## WHAT YOU HAVE TO DO
From the data below, return only the lines from the one with "Vill du ha kvar" through the one with "Det moderne sommerhus", exact and inclusive, with pictures left out.

──────── AVAILABLE DATA

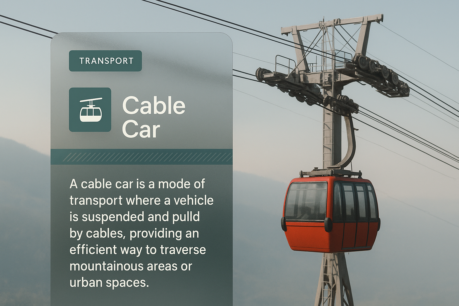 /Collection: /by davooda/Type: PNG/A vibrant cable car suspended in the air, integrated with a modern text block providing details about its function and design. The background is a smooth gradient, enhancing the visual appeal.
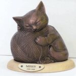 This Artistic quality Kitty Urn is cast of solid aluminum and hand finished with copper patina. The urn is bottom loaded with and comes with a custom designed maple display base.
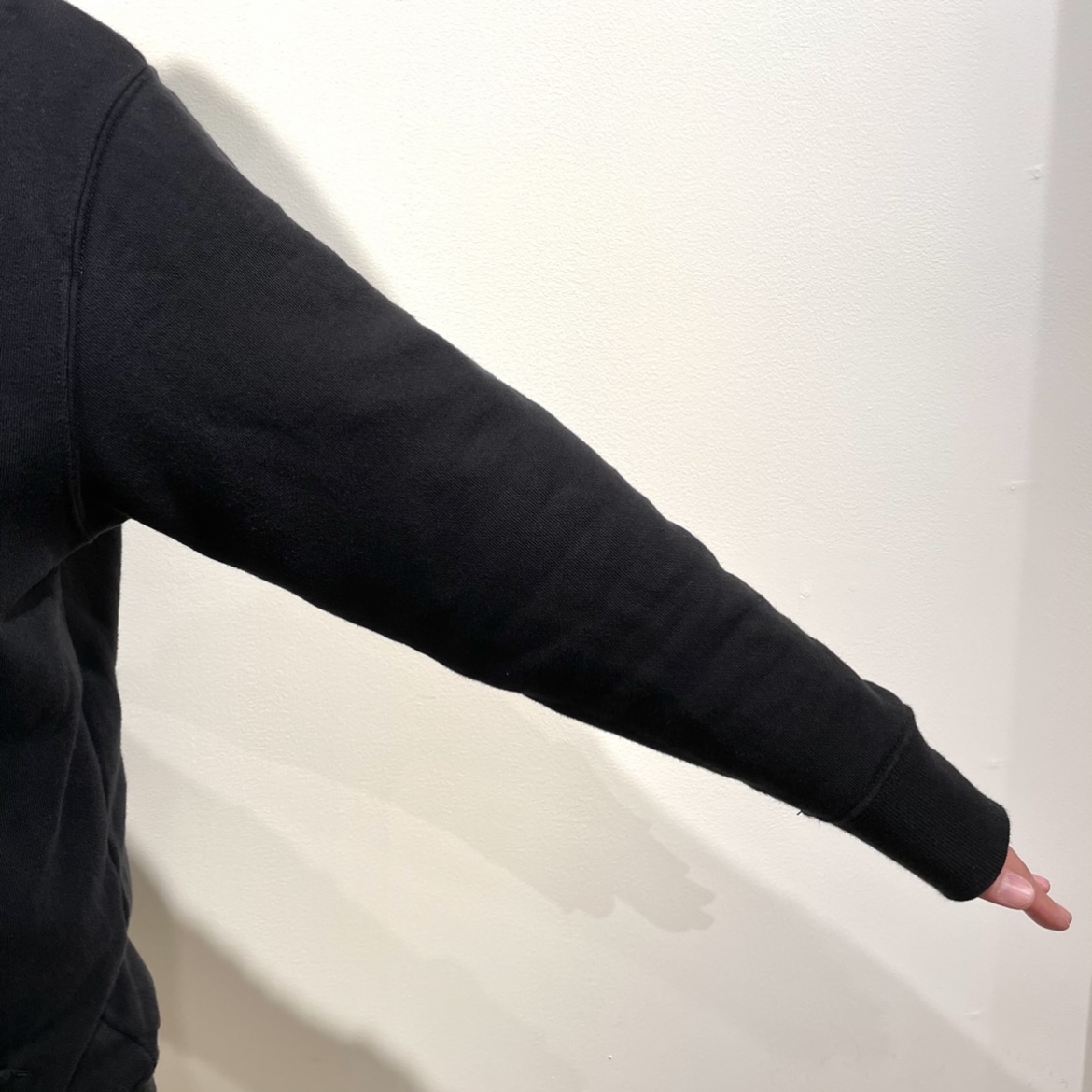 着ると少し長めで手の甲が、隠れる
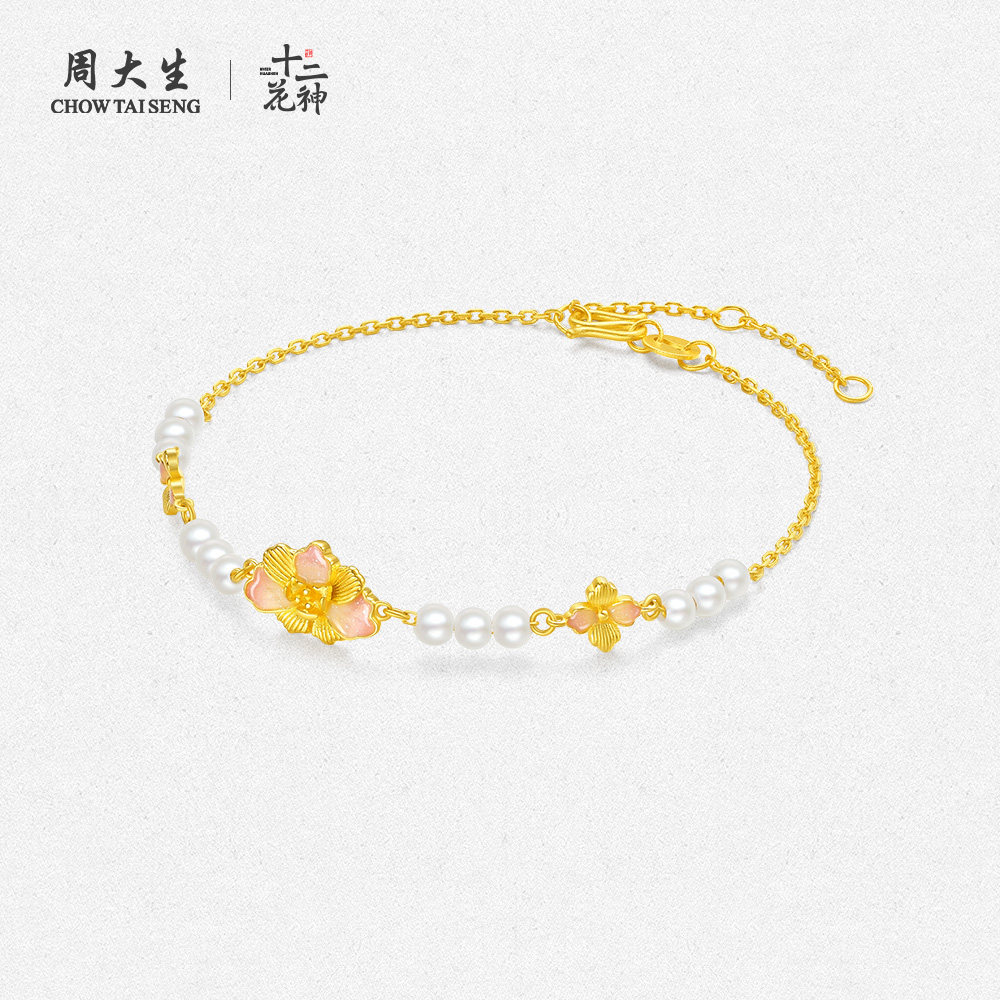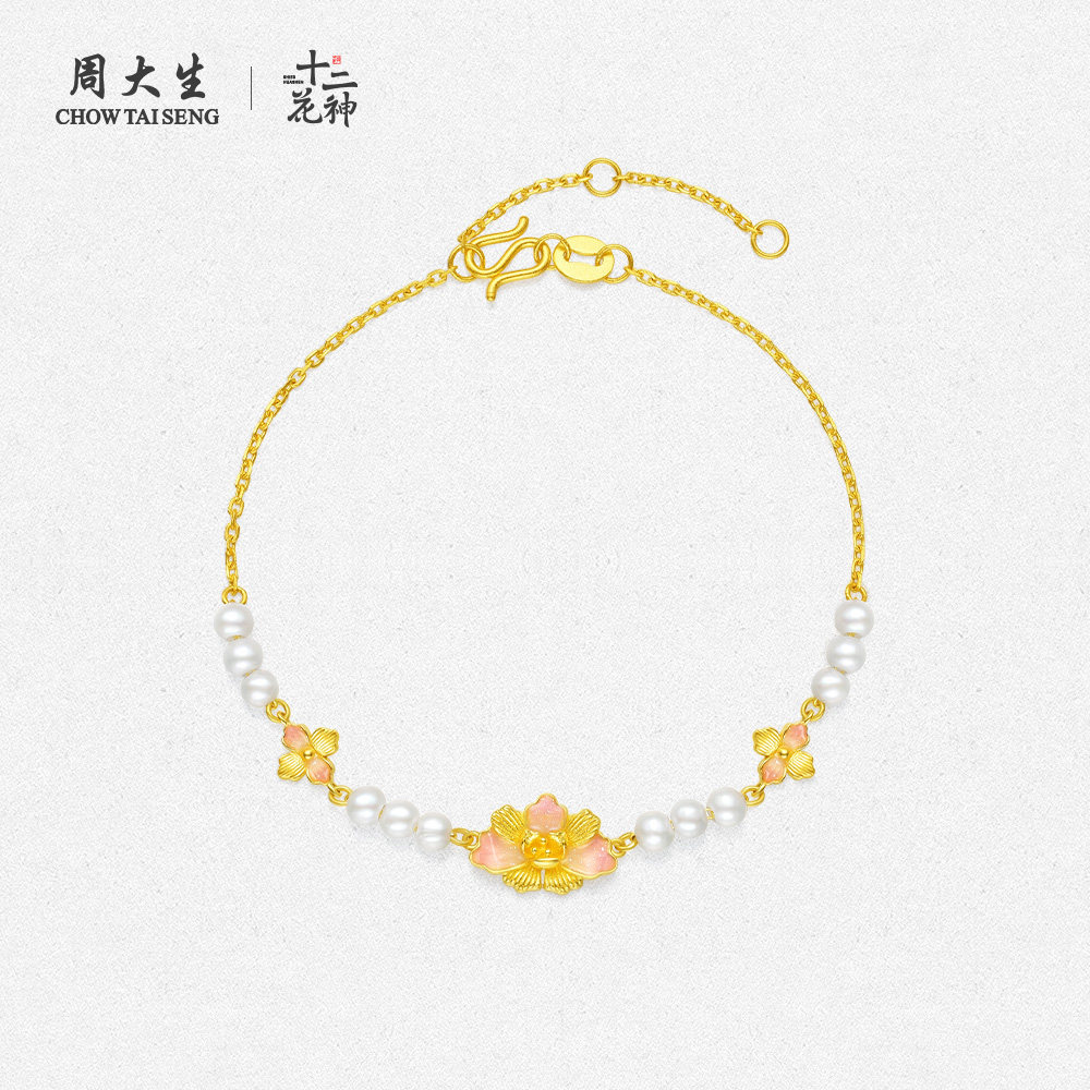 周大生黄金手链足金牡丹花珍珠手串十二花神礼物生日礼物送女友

────────────────
──────── AVAILABLE DATA

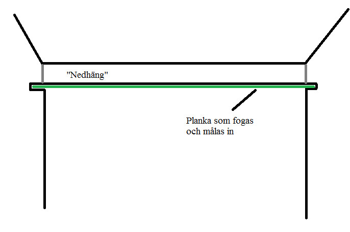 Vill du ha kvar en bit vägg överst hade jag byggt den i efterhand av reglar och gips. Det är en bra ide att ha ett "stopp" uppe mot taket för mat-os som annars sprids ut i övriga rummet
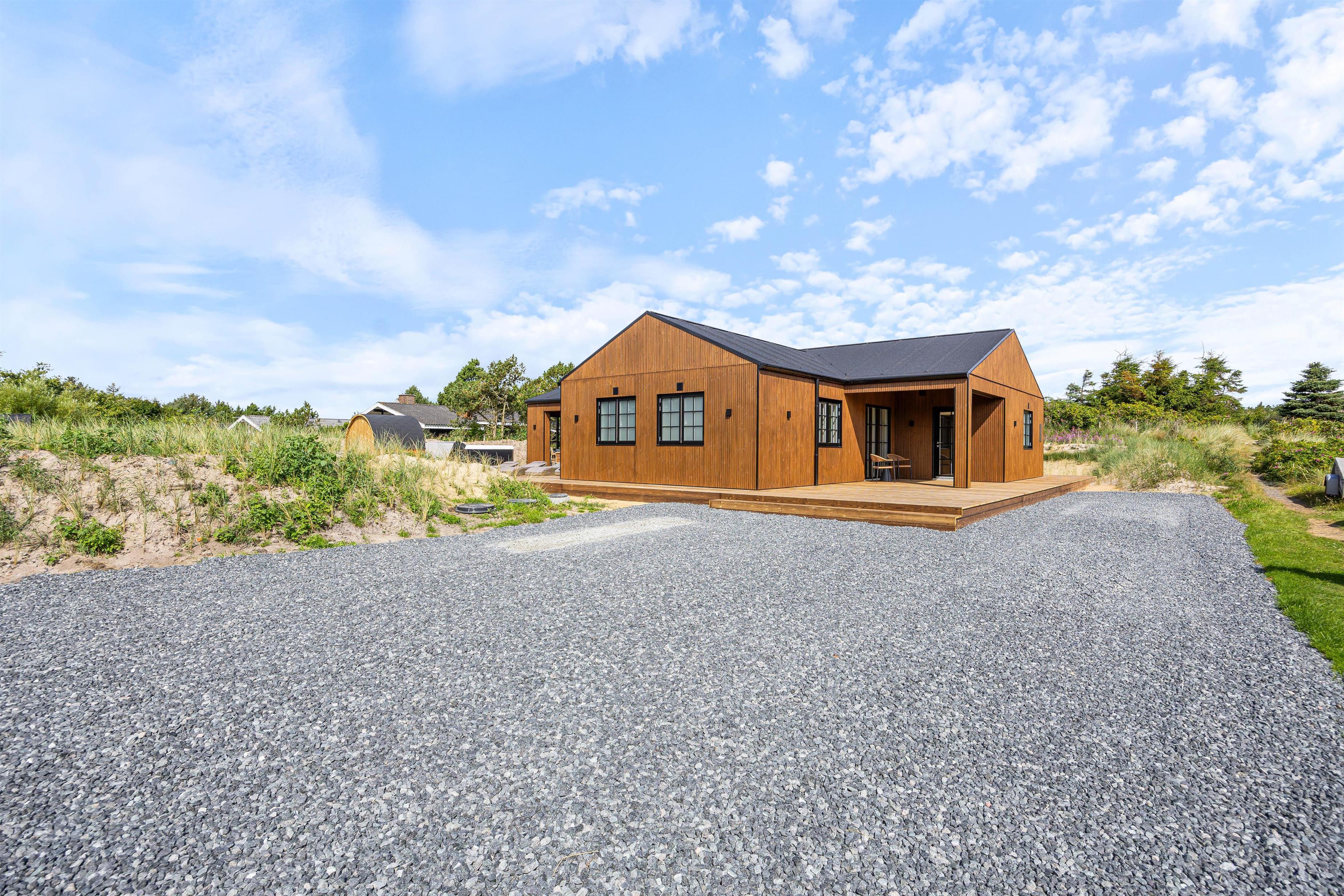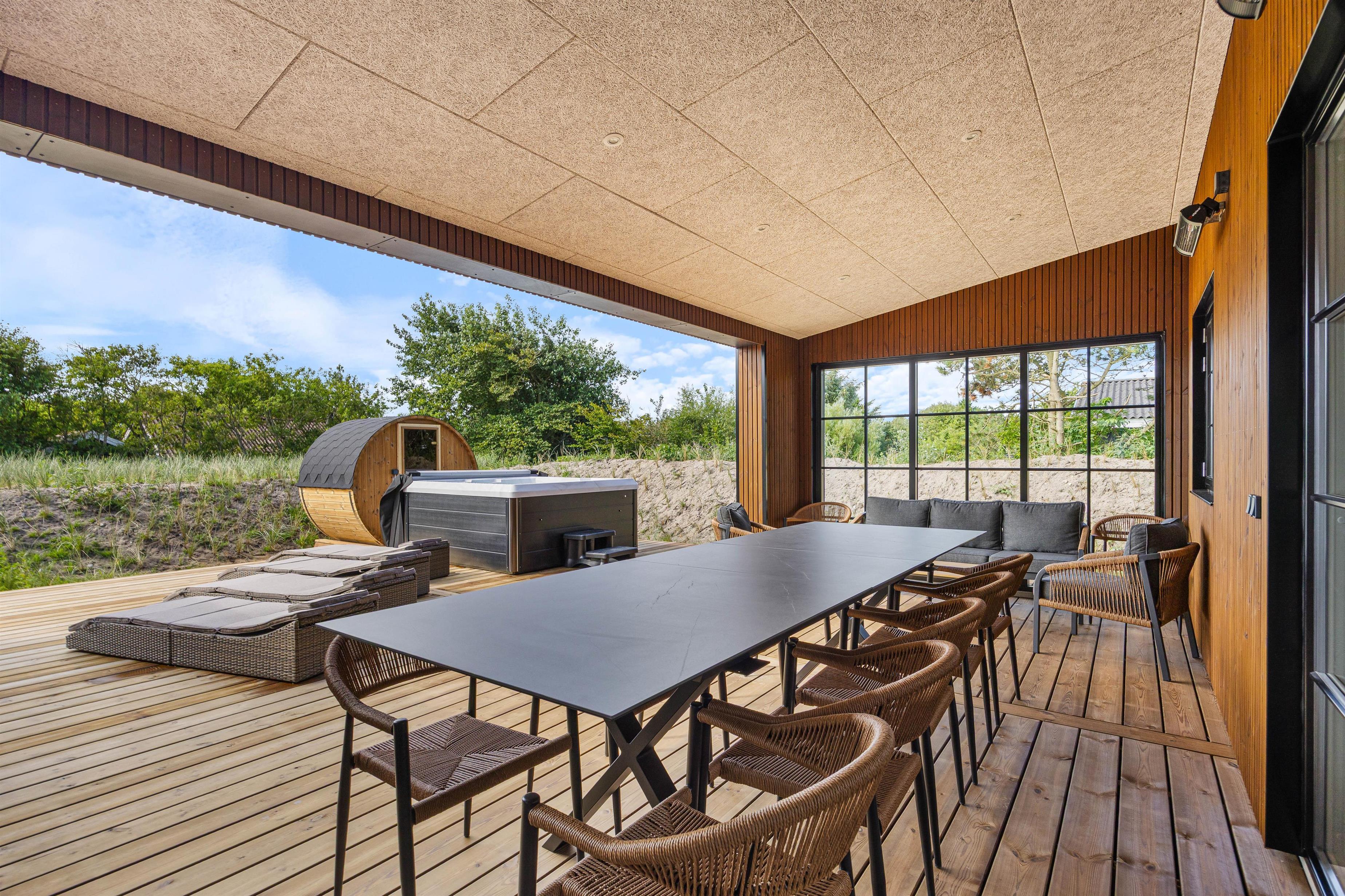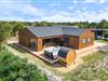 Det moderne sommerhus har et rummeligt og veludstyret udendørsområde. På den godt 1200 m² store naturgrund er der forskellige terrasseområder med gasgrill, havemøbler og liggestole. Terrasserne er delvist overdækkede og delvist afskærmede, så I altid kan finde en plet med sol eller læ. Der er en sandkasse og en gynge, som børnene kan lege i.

────────────────

## RESPONSE
 Vill du ha kvar en bit vägg överst hade jag byggt den i efterhand av reglar och gips. Det är en bra ide att ha ett "stopp" uppe mot taket för mat-os som annars sprids ut i övriga rummet
 Det moderne sommerhus har et rummeligt og veludstyret udendørsområde. På den godt 1200 m² store naturgrund er der forskellige terrasseområder med gasgrill, havemøbler og liggestole. Terrasserne er delvist overdækkede og delvist afskærmede, så I altid kan finde en plet med sol eller læ. Der er en sandkasse og en gynge, som børnene kan lege i.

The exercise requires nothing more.